Eggplant Chili (Meatless Meal)



Back in the late 1960’s and early 1970’s, meat prices skyrocketed and nobody could afford to eat meat every night of the week. It didn’t take long for American housewives to learn the fine art of cooking  meatless meals. Eggplant was a mainstay during that time. This recipe, from Mother Hubbard’s Cupboard makes it clear to me that those days may be here again, but we need not give up great meals because of unaffordable meat prices.

Mother Hubbard says:
This chili is the bomb.
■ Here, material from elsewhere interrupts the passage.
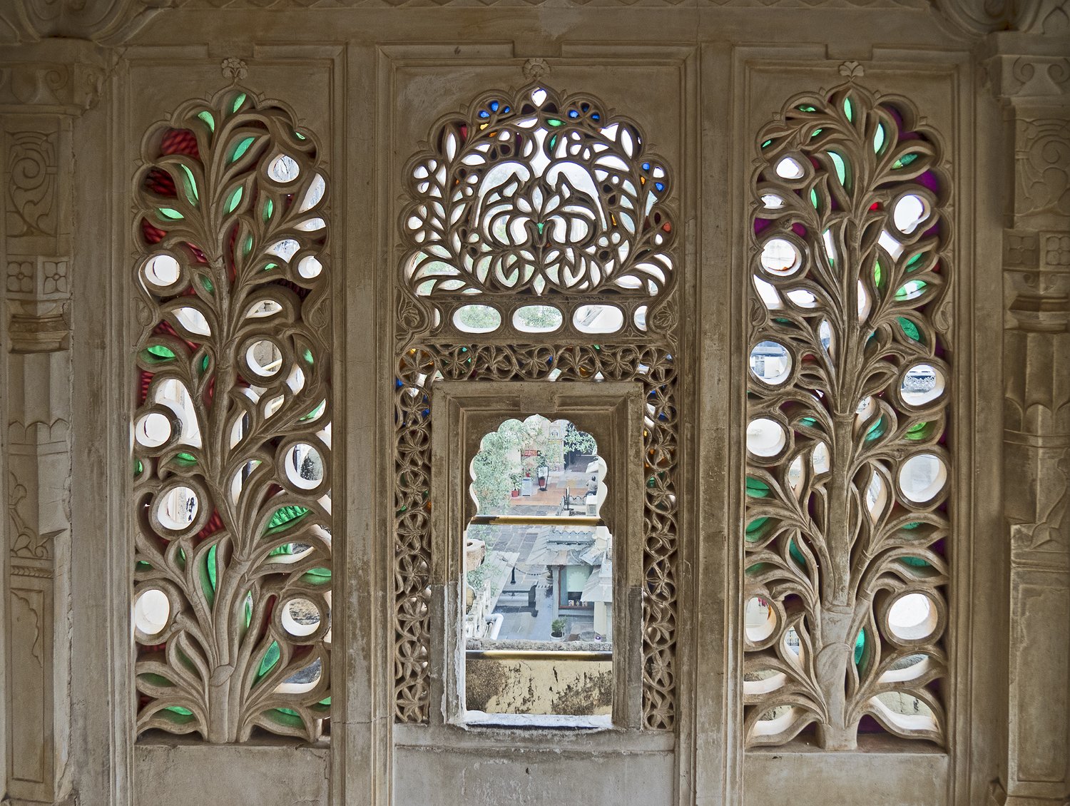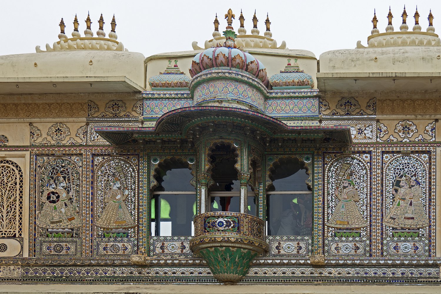 Le City Palace d'Udaipur (Inde - Rajasthan) est un ensemble de onze palais construits en 1559 par le Maharana Udai Singh (1522-1572) en même temps que la ville d'Udaipur. Il a fait l'objet d'aménagements complémentaires par ses successeurs durant près de 3 siècles.

It is sooooo simple, yet LOVED by my family.  I just toss the ingredients into my slow cooker, and come home to dinner.  I’m not sure if I should admit this, but I often cook this chili on low for more than 24 hours, and it turns out fantastic.  The longer you cook it, the less recognizable the eggplant is; so if you have picky eaters, cook it until the eggplant breaks down.  For that matter, if you have picky eaters, you may want to hide this recipe and just call it “Chili”.

Eggplant Chili

1  large onion, chopped
1  large bell pepper, chopped
1  large eggplant, peeled and chopped
1 – 2 cloves crushed garlic
2 cups cooked or canned beans, any variety or mixture
1 28-oz  canned tomatoes, diced with juice
3 – 4 Tablespoons cumin powder
Chili powder, red pepper or chipotle powder to taste
Salt and pepper to taste

In a large slow-cooker, layer onions, peppers, eggplant, garlic, beans and tomatoes.  Cook on low all day (or longer if you wish).  Before serving, stir in cumin, chili powder, salt and pepper.

Serve with the following optional, but highly-recommended toppings:  cilantro pesto, chopped avocado, diced onions, plain Greek yogurt, hot sauce, and shredded cheddar cheese.